In the waning years of Lorraine Hansberry’s life, she divorced her husband Robert Nemiroff, a steady source of support in her writing endeavors, when she came to terms with her lesbian sexuality. Hansberry understood very well that lesbian women were presumed psychologically ill by the establishment. She understood that any open acknowledgment of her sexuality could lead to immense professional, social and physical danger. Yet in 1957, she wrote two fiercely worded open letters on the oppression of Lesbian and Gay people for the lesbian woman publication, “The Ladder”. “The Ladder” made a regular practice of anonymously publishing open letters; Hansberry’s name wasn’t printed. But her next two plays, “The Sign in Sidney Brustein’s Window” and “Les Blancs” (published posthumously), began exploring such gay and lesbian themes head on.

When I began pulling this post together, I knew I’d mention that both of my subjects had been taken tragically, and far too early – one by pancreatic cancer and the other by a sawed-off shotgun. But then I began to think that we’d lost each as a result of a kind of malignant cancer, brought to bear by intolerant establishments and cultures that gnawed away at the lives of our bright prophets – these brilliant, truth-telling soothsayers – who were ripped away from us just as they began to come into their own.

We missed the burgeoning evolution of two young voices – one strident, the other subtly insistent – sent to urge us toward a more decent, upright and gallant walk.

A walk more like theirs’.

If they were here today, we could thank them for that walk. And we could thank them for having the courage to stand alone and lead by example.

But now only their words remain.

As it happens, Malcolm X was among the 600 mourners at Lorraine Hansberry’s funeral on January 15, 1965 – a day after his own wedding anniversary. At 34, Hansberry had lost her battle with cancer 3 days before.

Little more than a month later, on February 21, 1965, 39-year-old Malcolm X himself died at the hands of an assassin. 30,000 mourners are said to have filed past his casket, while more than 1000 packed into a church to hear “our shining black prince" eulogized. Months later, the city of Watts burned, and with it, it must have seemed, the hope of an generation.
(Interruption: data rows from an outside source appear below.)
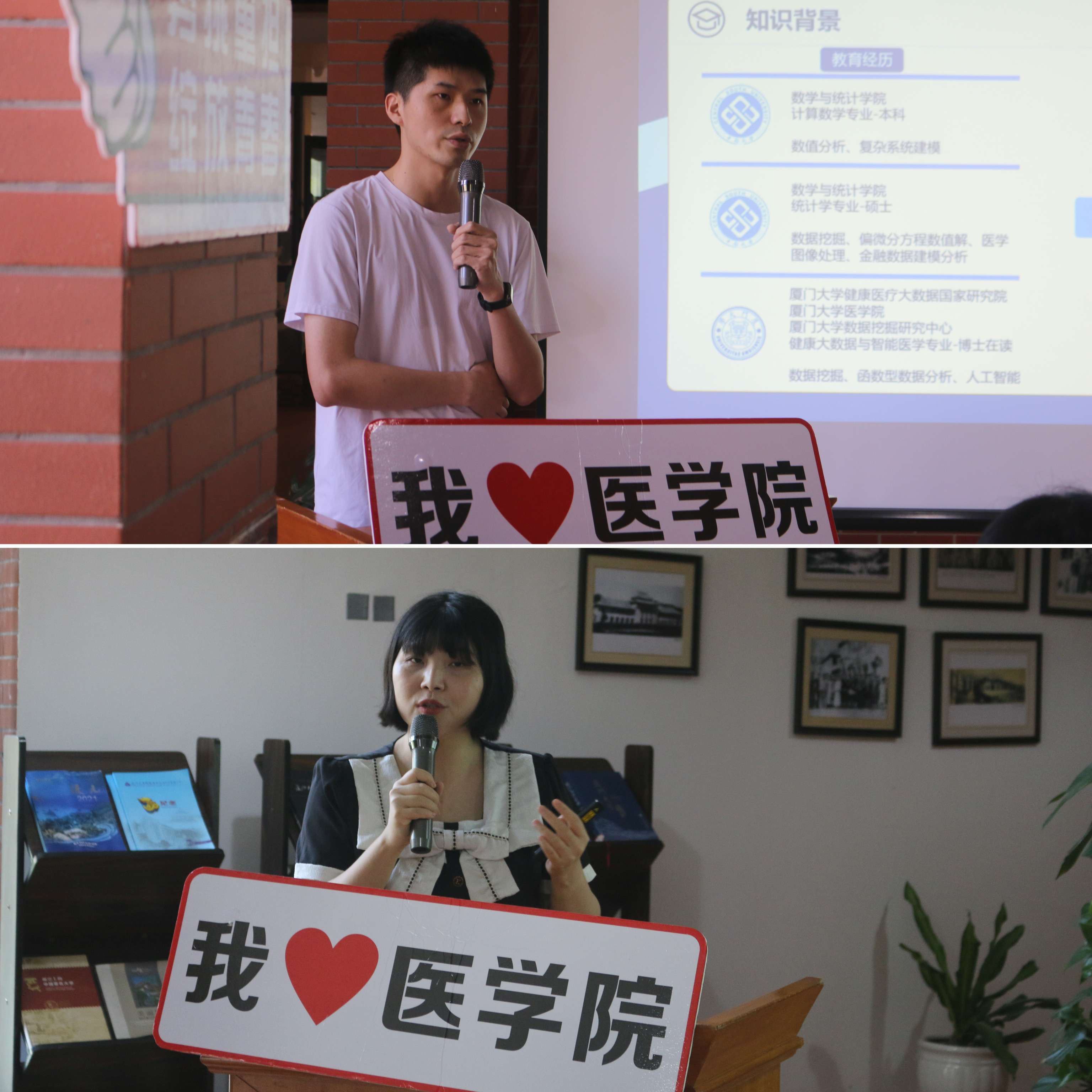 本期学术沙龙以主讲人分享、嘉宾点评、提问互动为主要环节。健康大数据与智能医学专业2021级博士研究生翁福添以《背靠理论·面向应用——人工智能赋能医疗大数据》为题,从知识背景、人工智能时代、大数据驱动范式、案例分析、未来展望五个方面带来了“人工智能+医学”的精彩分享。眼科学专业2019级博士研究生郭俞利以《认识睑板腺功能障碍:从发病机制到干细胞治疗》为题,围绕睑板腺的概念、功能以及睑板腺功能障碍的影响因素、发病机制、治疗方向,展示了睑板腺功能障碍研究发展新路径。
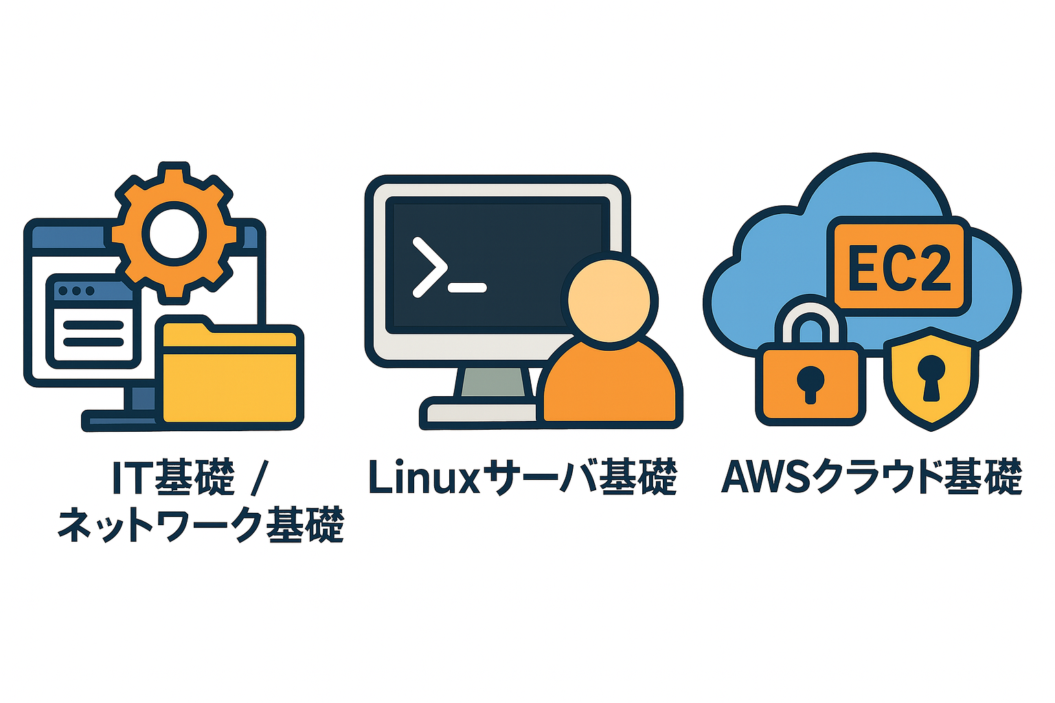本研修は、初学者を対象に、ITインフラエンジニアとして必要となる基礎知識と技術を体系的に学習することを目的としています。ITリテラシー、ネットワーク基礎、Linuxサーバ構築、AWSクラウドの基本までを網羅し、未経験からでも実務のスタートラインに立てるスキル習得を目指します。
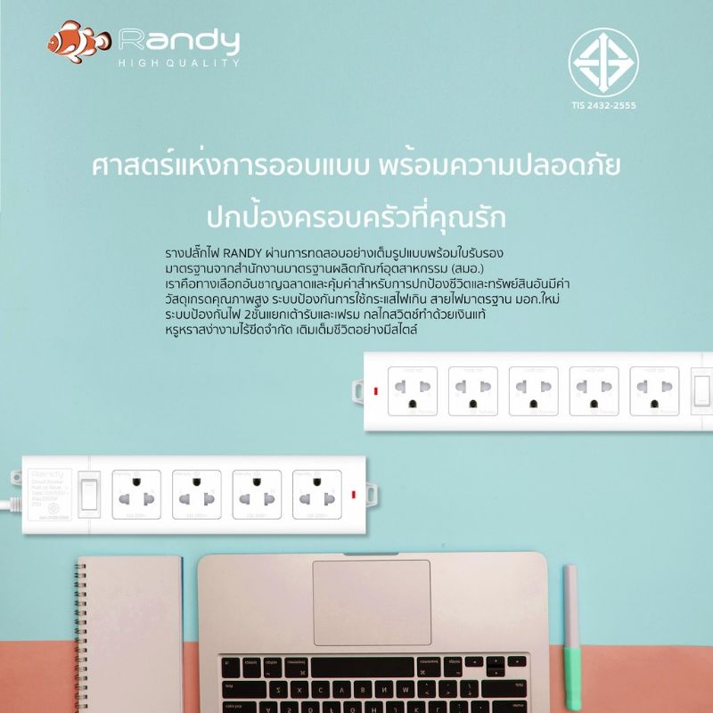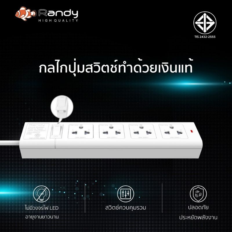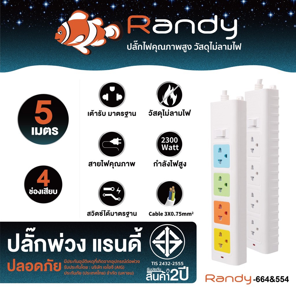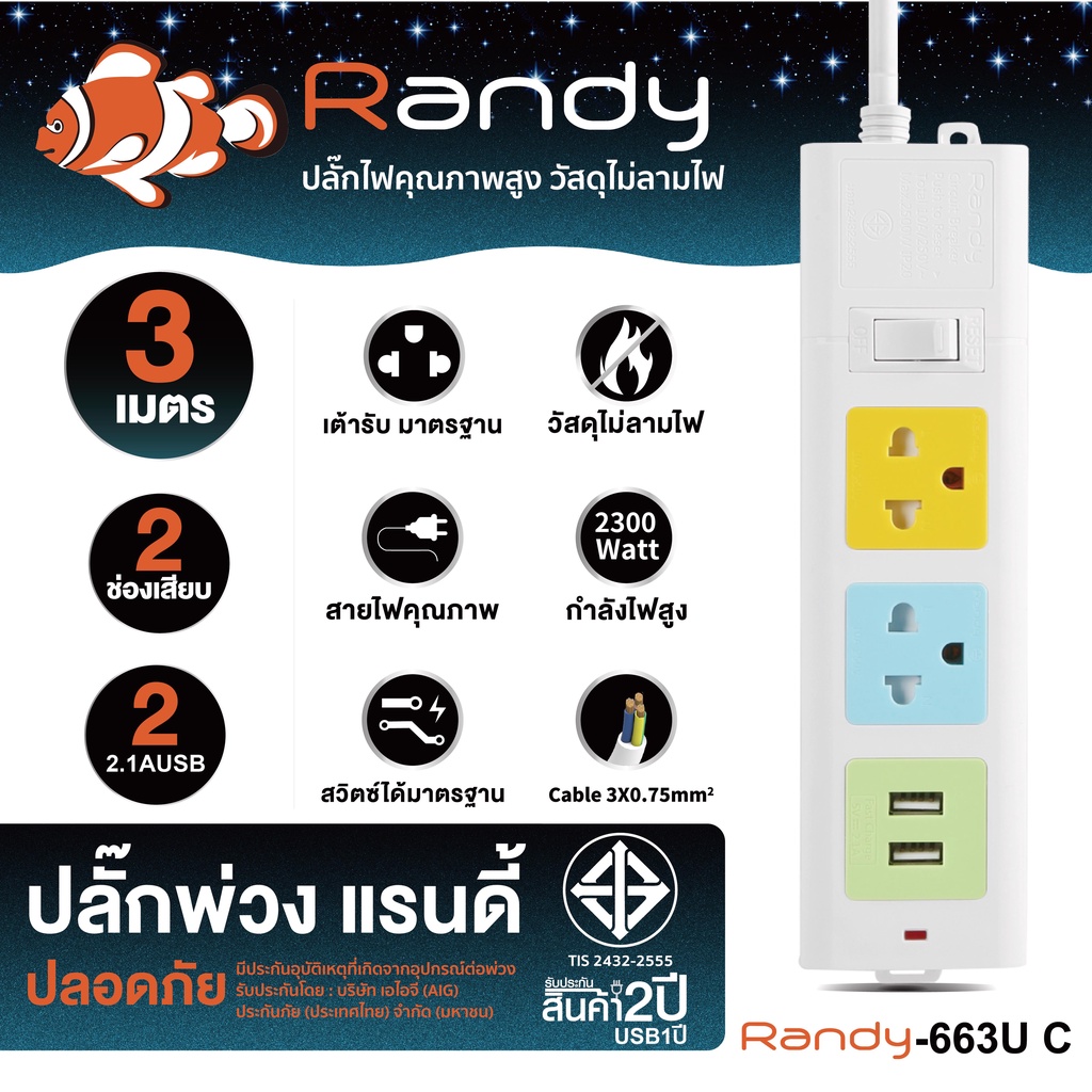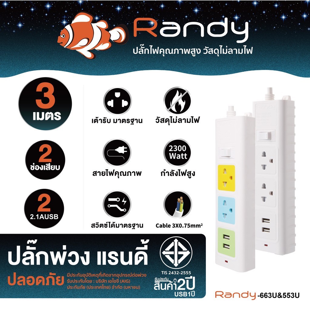 🔥โค้ดลด+ส่งฟรี🔥Randy ปลั๊กไฟ 2-6ช่อง กันไฟสองชั้น มอก. คุณภาพดี 3M5M10M ปลั๊ก ปลั๊กไฟUSB 10A2300W สาย100%ทองแดง ปลั๊

Little more than 3 years later, the assassination of Dr. Martin Luther King, Jr. would shake that generation once more.

We, the children of that generation, lost our chance to know them, this brother and sister of hope.

We are left with their words, which we use like shovels to dig up our piecemealed past. And somehow, something in us understands that they and those like them live with us even now, through their lessons taught and their purposes fulfilled.

I haven’t picked up that birthday book, and I didn’t bother scouring a zodiac chart. I haven’t, now that I think of it, heard back from Rahsul at the barbershop (He’s probably got his hands full). But perhaps it doesn’t matter what they’d say.

Perhaps instead, we should just sit with the words and the voice of Malcolm and those of Lorraine.

Perhaps, if we sit very still with those voices – with those words – they will can help us to see our way clear.

To Malcolm and to Lorraine - Happy Birthday. We’re still listening.

1 comment:

Anonymous said...

Happy Birthday to Lorraine and Malcolm. They are side by side, at least their personal papers are side by side at the Schomburg Center for Research in Black Culture 85th Anniversary exhibition. Born five years apart (1925 and 1930) but on the same day, May 19th, their passings are just a few weeks apart in 1965.
In 1930, Malcolm's father was battling discriminatory housing laws in Lansing, Michigan, while Lorraine's father was doing the same in Chicago. The FBI began its file on Malcolm at the age of 18 when, to avoid being drafted into WWII, he declared allegiance to Japan rather than fight for a racist nation. The FBI began its file against Lorraine also at age 18, as a sophomore at the University of Wisconsin. But, most important, both dedicated their lives to changing America.